Stargate: From Grand Announcement to Umbrella Brand

What Stargate was supposed to be

  • Stargate was announced as a $500 billion AI infrastructure initiative with major fanfare, including a Trump White House appearance.
  • The early vision sounded like a huge coordinated buildout of AI data centers.

What it has become

  • In practice, Stargate now looks more like a catch-all term for OpenAI’s infrastructure ambitions.
  • The original idea of a neatly packaged, massive centralized project has given way to a looser, more fragmented reality.
  • OpenAI increasingly appears to be securing capacity through partners rather than directly building everything itself.

Why the strategy shifted

  • OpenAI likely realized that owning infrastructure is necessary to compete with Google and other vertically integrated players.
  • But its financing model and cash burn make direct ownership difficult.
  • So instead, it has leaned on:
    • Oracle,
    • SoftBank,
    • NVIDIA,
    • and various neocloud partners.

Risk in the new setup

  • A lot of the infrastructure burden is now being pushed onto partners.
  • That makes companies like CoreWeave, Nebius, Oracle, and others more exposed to OpenAI’s execution and funding cadence.
  • The market reaction to reports of OpenAI slowing its buildout suggests investors are increasingly sensitive to that risk.

Big Themes and Takeaways

1. AI spending is becoming a strategic identity test

  • Big Tech is splitting into:
    • companies trying to own the whole AI stack,
    • and companies trying to wait, partner, or leverage existing hardware/software advantages.

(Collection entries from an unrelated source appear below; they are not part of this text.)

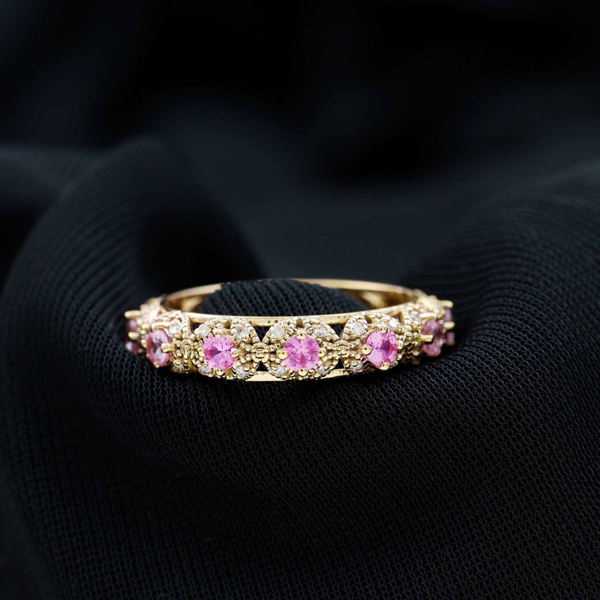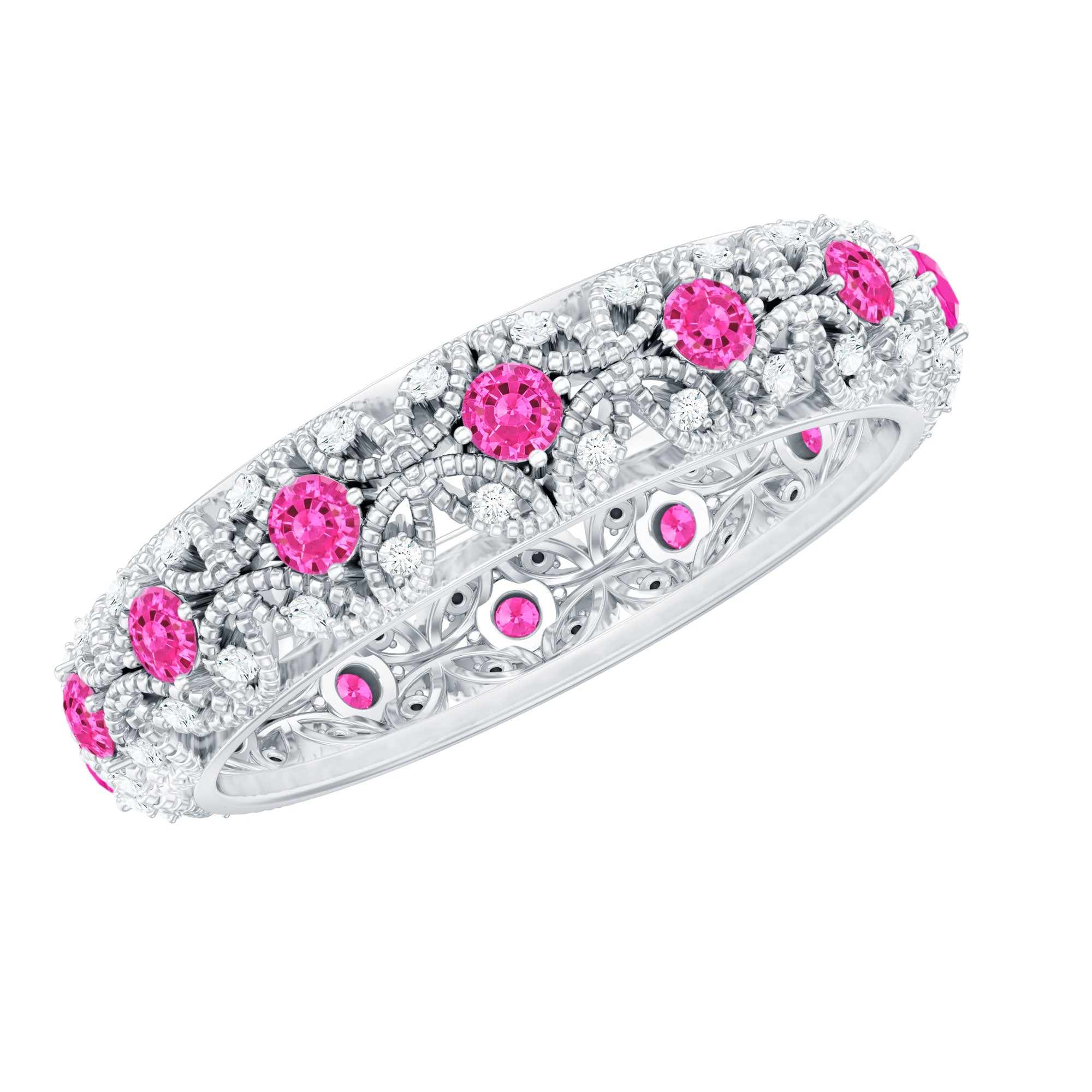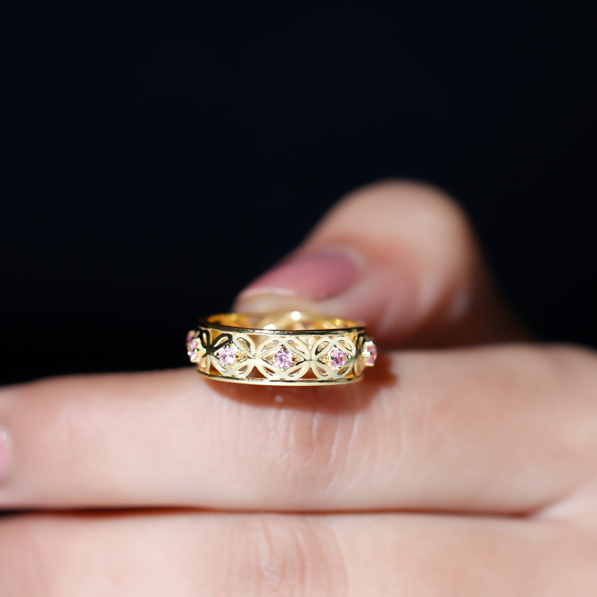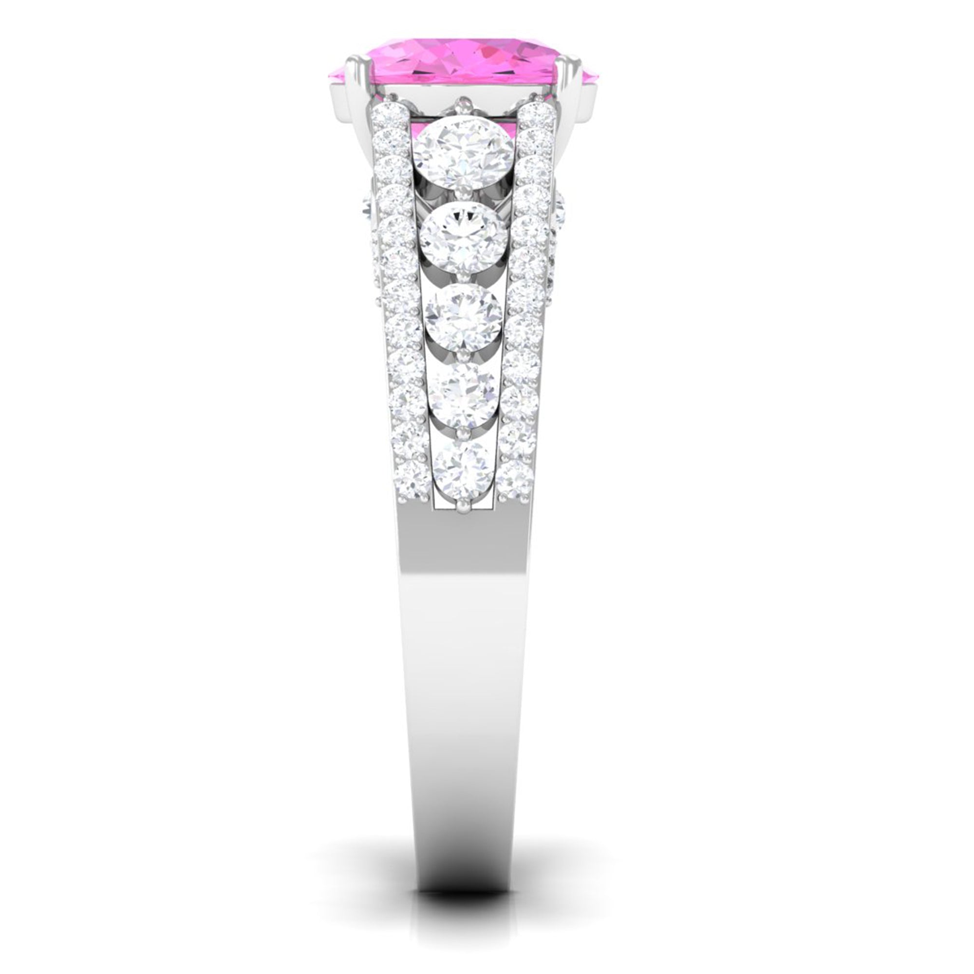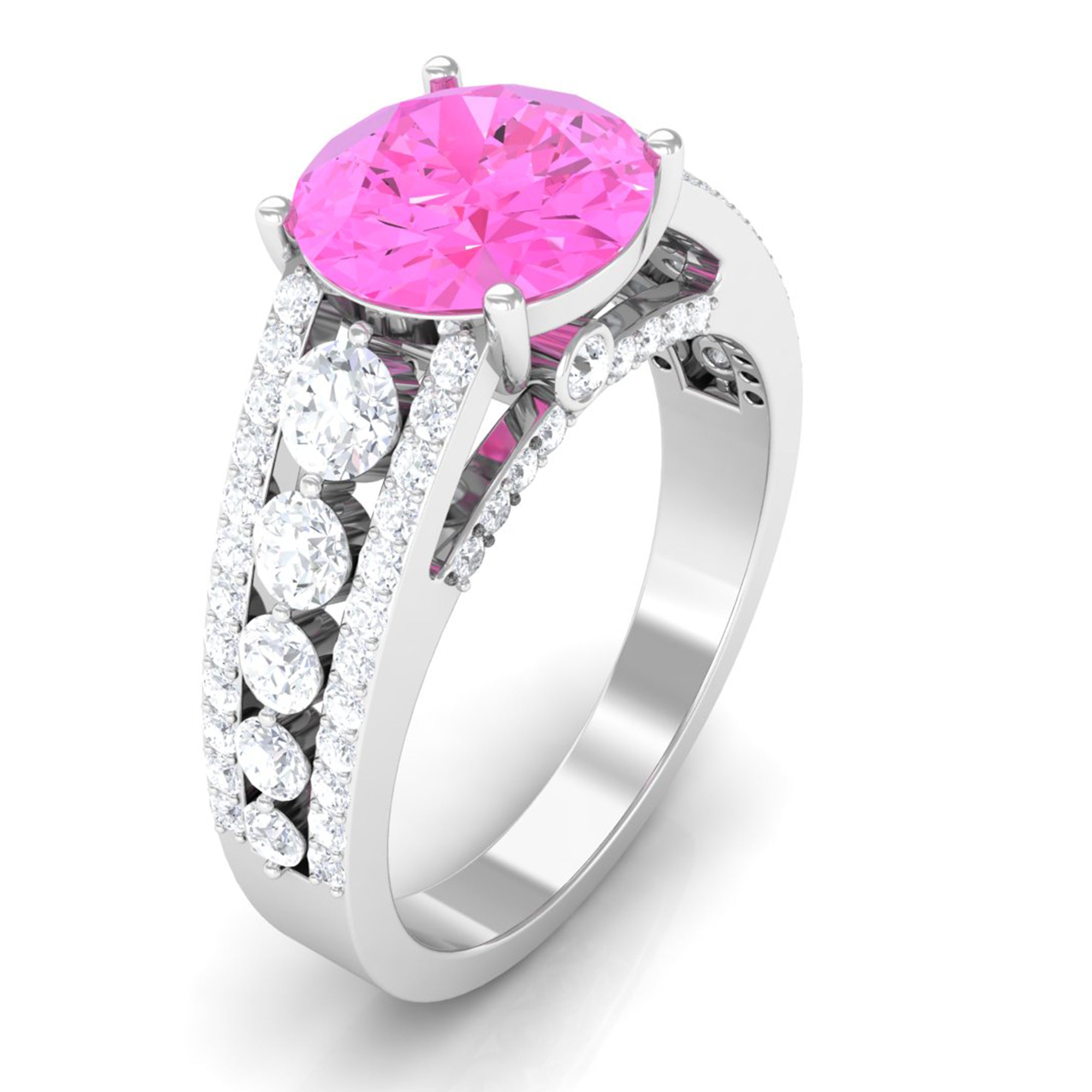 • Beautiful lab pink sapphire gemstone with its soft and romantic color, offers a lovely touch to the ring. The delicate pink hue of these gems in various settings makes them a perfect gift for someone special.
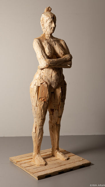 A woman made of wood. I made this piece when I was still in the Academy. I did want to make a wooden figure using a life model as a reference. The process was interesting for me because it was a combination of building the form from timber and then shaping it by an ax and wood chisels.
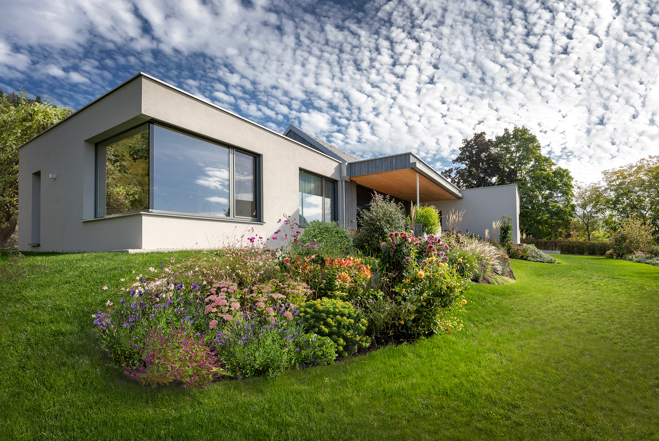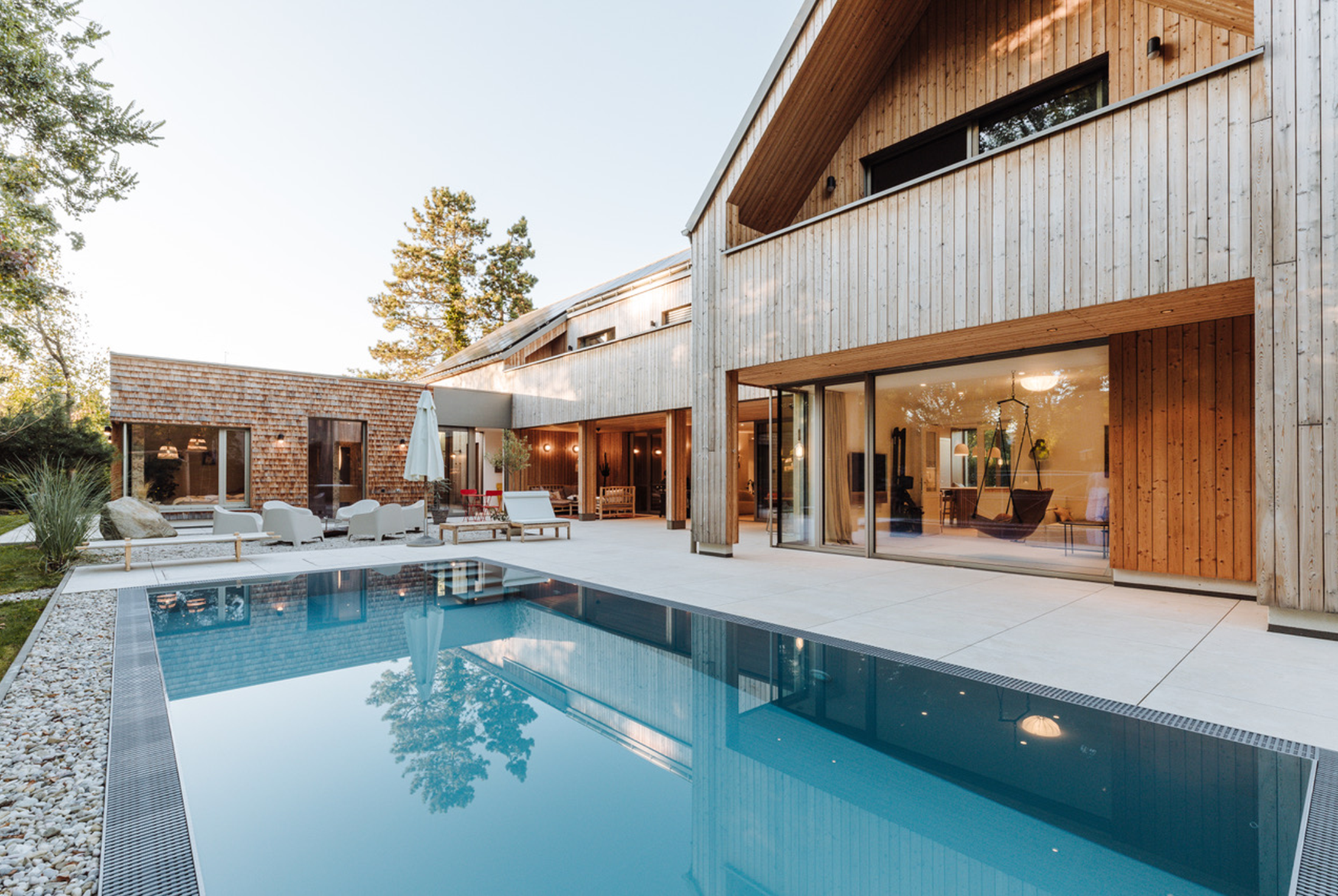 Consistently planned as mono-material and fully demountable: The single-family house is based on a timber load-bearing structure with timber–clay hybrid elements, solid timber slab floors, and beam ceilings. The external walls are insulated with
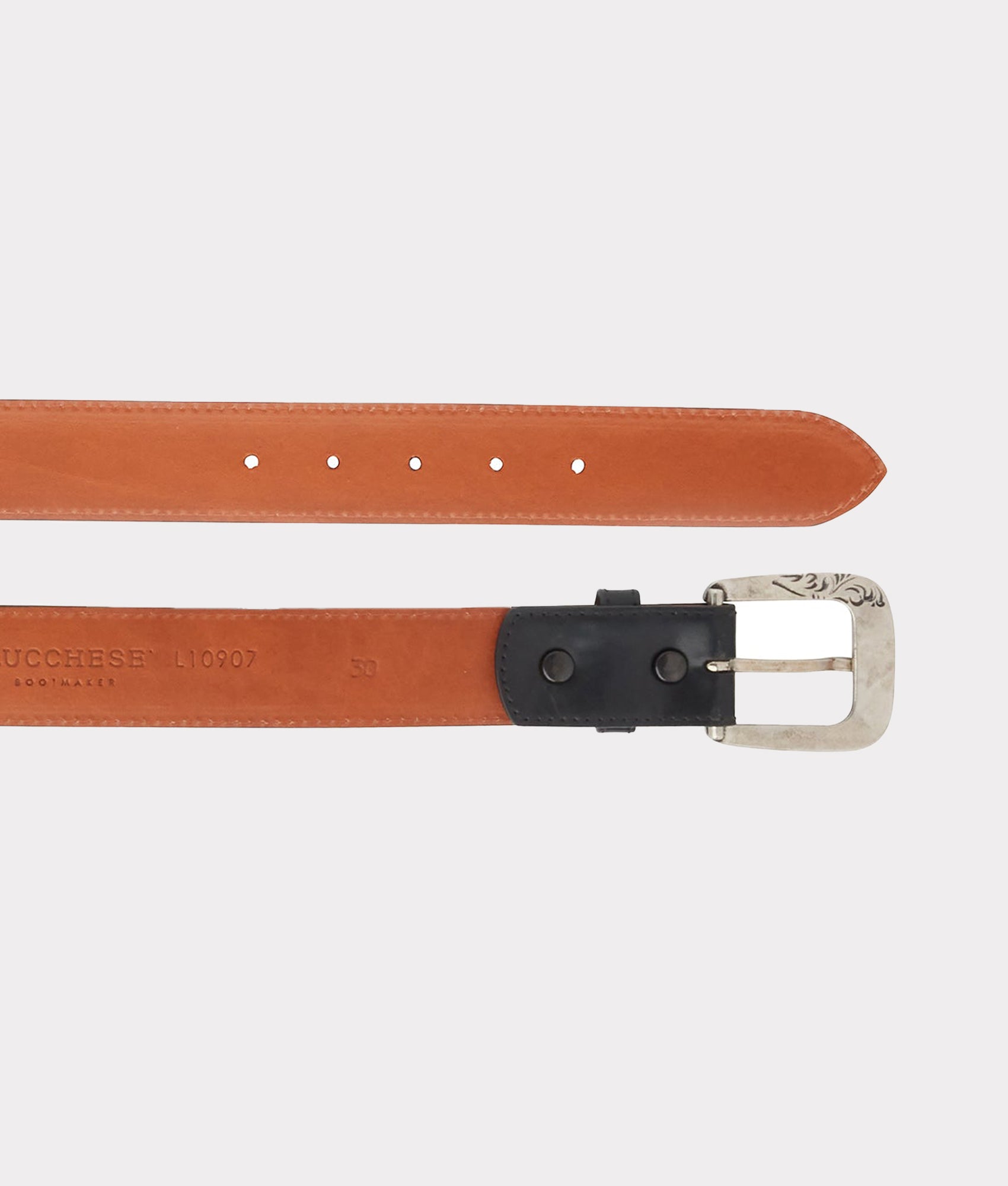Lucchese belt for men made with smooth goat leather. The belt’s silver plated buckle has intricate details that pay homage to the West and add character to the belt. Handmade in Texas. 1.5 wide Removable buckle *Color may vary slightly due to hand finishing techniques.
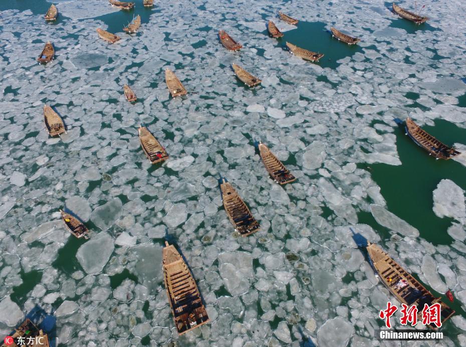 仿佛世界已静止 辽宁大批渔船被冻海面
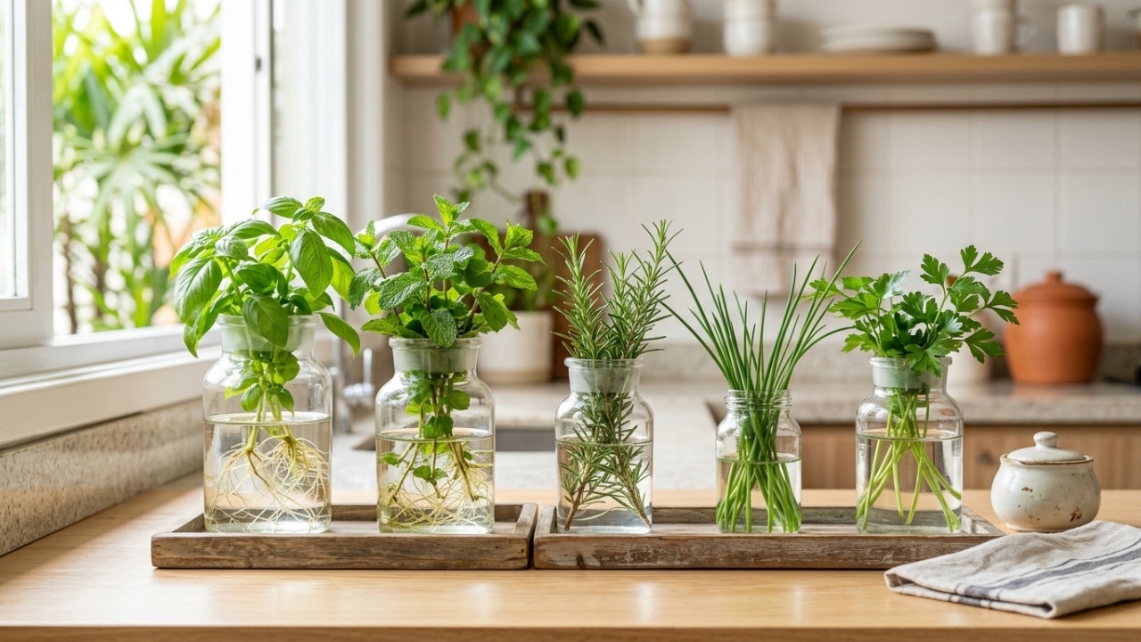 Ter uma cozinha com cheiro de horta é tendência por unir praticidade, frescor e decoração natural. Veja como cultivar temperos em potes de vidro com água e manter sua cozinha sempre aromática e funcional.
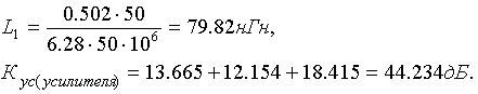 Усилитель имеет запас по усилению 14дБ, это необходимо для того, чтобы в случае ухудшения параметров отдельных элементов коэффициент передачи усилителя не опускался ниже заданного уровня.
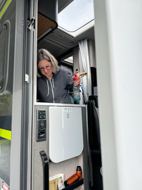 Nach dem Bezug des Platzes fing Doris mit dem Waschen an. Während ich noch zwei Kabel löste.
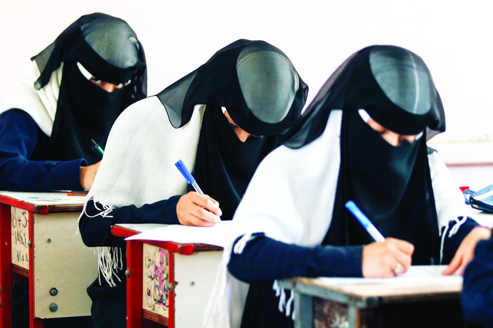 يمنيات يؤدين الاختبارات النهائية في إحدى المدارس الثانوية في صنعاء. (أ.ف.ب)

2. Apple may be playing the long game

  • If AI models commoditize and on-device AI becomes enough, Apple’s restraint could look brilliant.
  • If AI becomes a new computing layer controlled by model makers, Apple could be in trouble.

3. OpenAI is becoming less dependent, but not less complicated

  • OpenAI is more flexible than before, but its business model is still tangled with cloud providers, infrastructure partners, and revenue-sharing arrangements.

4. Infrastructure is the real battleground

  • The conversation keeps returning to who controls compute, chips, power, and data centers.
  • That’s where the moat may ultimately be formed.

Notable Closing Thoughts

  • The hosts agree the Apple transition to John Ternus is real and meaningful.
  • They also agree that Apple’s Siri revamp will be a major near-term test.
  • The discussion ends with the sense that:
    • Apple may be preparing to spend more,
    • Microsoft and OpenAI are entering a more transactional phase,
    • and Stargate is less a single project than a symbol of the broader AI infrastructure scramble.